Apakah ini terlihat berat untuk anak SD? Menurut saya tidak. Para penggagas bisa merancang teaching plan yang fun dalam games, simulasi atau mini essay, misalnya dengan menunjukkan kata-kata mana yang layak/tidak layak ditampilkan di akun social media, menayangkan video / infografis tentang cyberbullying, menuliskan tentang apa yang dirasakan orang lain jika dihina melalui social media dan dibaca oleh banyak orang dan masih banyak lagi.

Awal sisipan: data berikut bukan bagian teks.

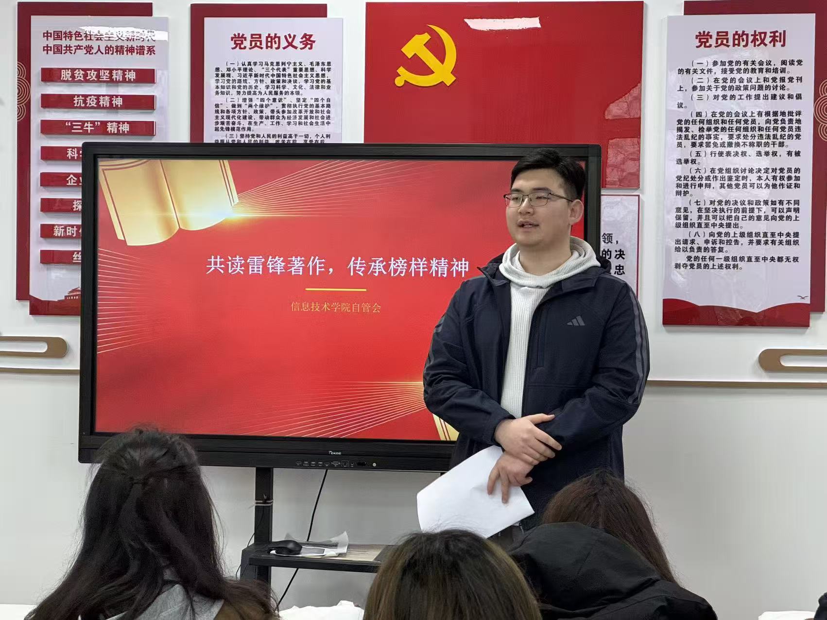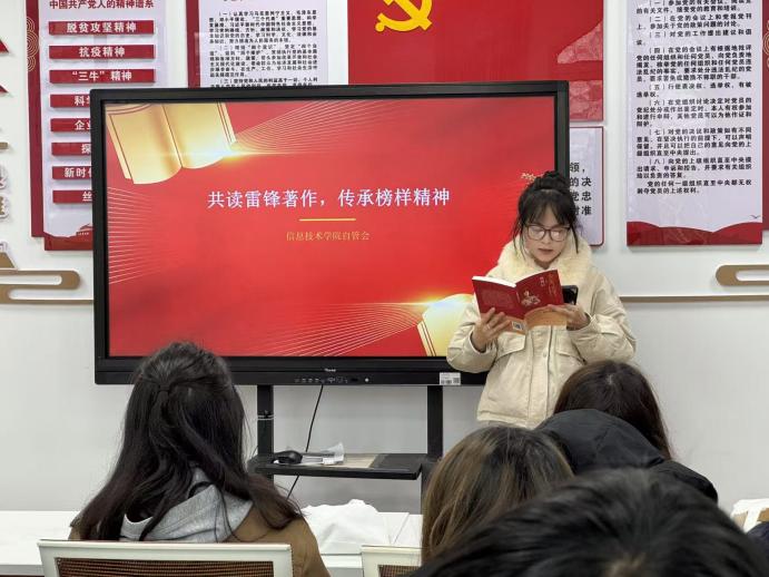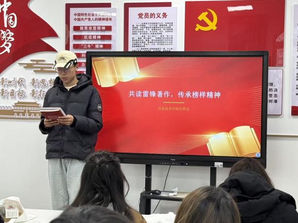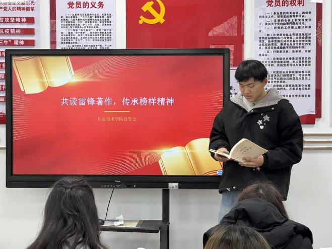 书香润心传美德,榜样引航践初心。为深入传承和弘扬雷锋精神,引导青年学子在阅读中感悟奉献力量、厚植家国情怀,信息技术学院于3月26日15:00,在北七北八共享区红色讲堂205,顺利举办“以书润心,以行践志”学雷锋主题读书分享会。在张军玮同学的引读下,同学们以书为友、以悟为桥,在经典文字中追寻雷锋足迹,在真诚分享中传承榜样精神。

Masih banyak orangtua menganggap bahwa media dan internet adalah tempat bermain virtual bagi anak-anaknya tanpa tahu ada yang mengintip dari ketidaktahuan akan bahaya-bahaya penggunaanya yang tidak bijak. Padahal, saat ini kita terkepung oleh media dan internet. Di saat televisi membangun hiperrealitas melalui tayangan-tayangannya, internet mengunci kita dalam dunia ‘gaib’ yang tak tersentuh, dan derasnya arus informasi yang tak mudah dibendung. Kecerdasan dalam menggunakan teknologi baru tentunya mesti diimbangi dengan knowledge yang cukup tentang kebijakan dalam pemanfaatannya. Cara yang bisa dilakukan untuk mengontrolnya adalah dari dalam diri sendiri dengan bekal pengetahuan yang cukup sejak dini.
Now, life is in our thumbs. We decide! ;)
Komentar
Posting Komentar
Thankyou for your feedback!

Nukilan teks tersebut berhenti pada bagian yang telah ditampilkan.